» INFORMATION SUPPLIED:
※
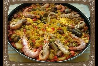 Hoy nos apetecía comernos una buena cazuela de arroz, y he decidido probar una receta de mi fabuloso libro, corpus del patrimoni culinari catalá INGREDIENTES: PARA 6 PERSONAS 600 g de arroz 500 g de costilla de cerdo cortada a trozos 300 g de pimiento verde cortadito a daditos 300 g de pimiento rojo cortadito a daditos 400 g de tomate maduro pelado y cortado a trocitos pequeños 100 g de guisantes 100 g de cebolla picadita 80 g de manteca de cerdo 18 almejas 6 salchichas de cerdo 6 gambas 6 cigalas6 galeras 2 sepias medianas peladas y cortadas a daditos Aceite de oliva 1 copita de malvasía de siges yo puse vino blanco ½ de caldo de carne ½ de caldo de pescado PARA LA PICADA: 2 cucharaditas de pasta de ajo http://www.ajopel.com/ Unas hebras de azafrán Sal Un puñadito de almendras tostadas http://www.agrocity.net/ ELABORACIÓN: Calentar el aceite con la manteca de cerdo en una paellera, y cuando este bien caliente añadiremos la costilla hasta que este doradita.Reserbarla Añadir la sepia en el mismo aceite, y cuando se allá bebido toda el agua que desprende, volvemos añadir la costilla, la cebolla y los pimientos dejamos que valla pochando un poco todo junto. Añadiremos el tomate, el vaso de vino y un poco de sal. Dejaremos cocer a fuego lento durante media hora, añadiremos el caldo de carne y el de pescado y añadiremos los guisantes. Cuando empiece a hervir, añadiremos el arroz y la picada a media cocción, añadiremos las cigalas, las gambas, las galeras,las salchichas y las almejas. Probaremos de sal y lo acabaremos de cocer en el horno para que coja un poco de color por encima.
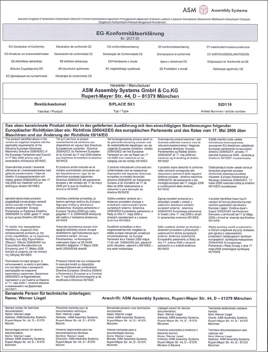 8 Bijlage Gebruikershandleiding SIPLACE SX1 /SX2 Machineversies V2 en V3 8.1 EG-Verklaringen van Overeenstemming Vanaf programmaversie SR.713.1 Editie 12-2020 350 8.1.2 SIPLACE SX1/SX2 V2 8.1.2.1 SIPLACE SX1 (520110) 8 A…
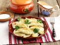 Переверните бризоль фаршем вверх, выложите обжаренные грибы с луком, сложите пополам и дайте грибам немного прогреться.
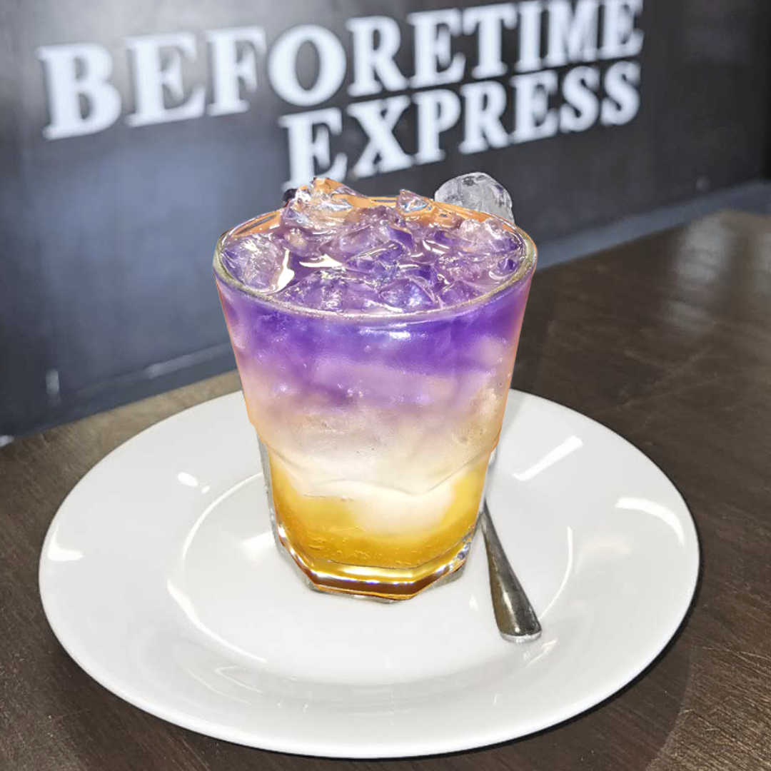 This vibrant drink features a base of butterfly pea, with juicy chunks of nata de coco and pineapple,
※
The data above should be repeated exactly, minus any pictures.

» ANSWER TO THE EXERCISE:
 Hoy nos apetecía comernos una buena cazuela de arroz, y he decidido probar una receta de mi fabuloso libro, corpus del patrimoni culinari catalá INGREDIENTES: PARA 6 PERSONAS 600 g de arroz 500 g de costilla de cerdo cortada a trozos 300 g de pimiento verde cortadito a daditos 300 g de pimiento rojo cortadito a daditos 400 g de tomate maduro pelado y cortado a trocitos pequeños 100 g de guisantes 100 g de cebolla picadita 80 g de manteca de cerdo 18 almejas 6 salchichas de cerdo 6 gambas 6 cigalas6 galeras 2 sepias medianas peladas y cortadas a daditos Aceite de oliva 1 copita de malvasía de siges yo puse vino blanco ½ de caldo de carne ½ de caldo de pescado PARA LA PICADA: 2 cucharaditas de pasta de ajo http://www.ajopel.com/ Unas hebras de azafrán Sal Un puñadito de almendras tostadas http://www.agrocity.net/ ELABORACIÓN: Calentar el aceite con la manteca de cerdo en una paellera, y cuando este bien caliente añadiremos la costilla hasta que este doradita.Reserbarla Añadir la sepia en el mismo aceite, y cuando se allá bebido toda el agua que desprende, volvemos añadir la costilla, la cebolla y los pimientos dejamos que valla pochando un poco todo junto. Añadiremos el tomate, el vaso de vino y un poco de sal. Dejaremos cocer a fuego lento durante media hora, añadiremos el caldo de carne y el de pescado y añadiremos los guisantes. Cuando empiece a hervir, añadiremos el arroz y la picada a media cocción, añadiremos las cigalas, las gambas, las galeras,las salchichas y las almejas. Probaremos de sal y lo acabaremos de cocer en el horno para que coja un poco de color por encima.
 8 Bijlage Gebruikershandleiding SIPLACE SX1 /SX2 Machineversies V2 en V3 8.1 EG-Verklaringen van Overeenstemming Vanaf programmaversie SR.713.1 Editie 12-2020 350 8.1.2 SIPLACE SX1/SX2 V2 8.1.2.1 SIPLACE SX1 (520110) 8 A…
 Переверните бризоль фаршем вверх, выложите обжаренные грибы с луком, сложите пополам и дайте грибам немного прогреться.
 This vibrant drink features a base of butterfly pea, with juicy chunks of nata de coco and pineapple,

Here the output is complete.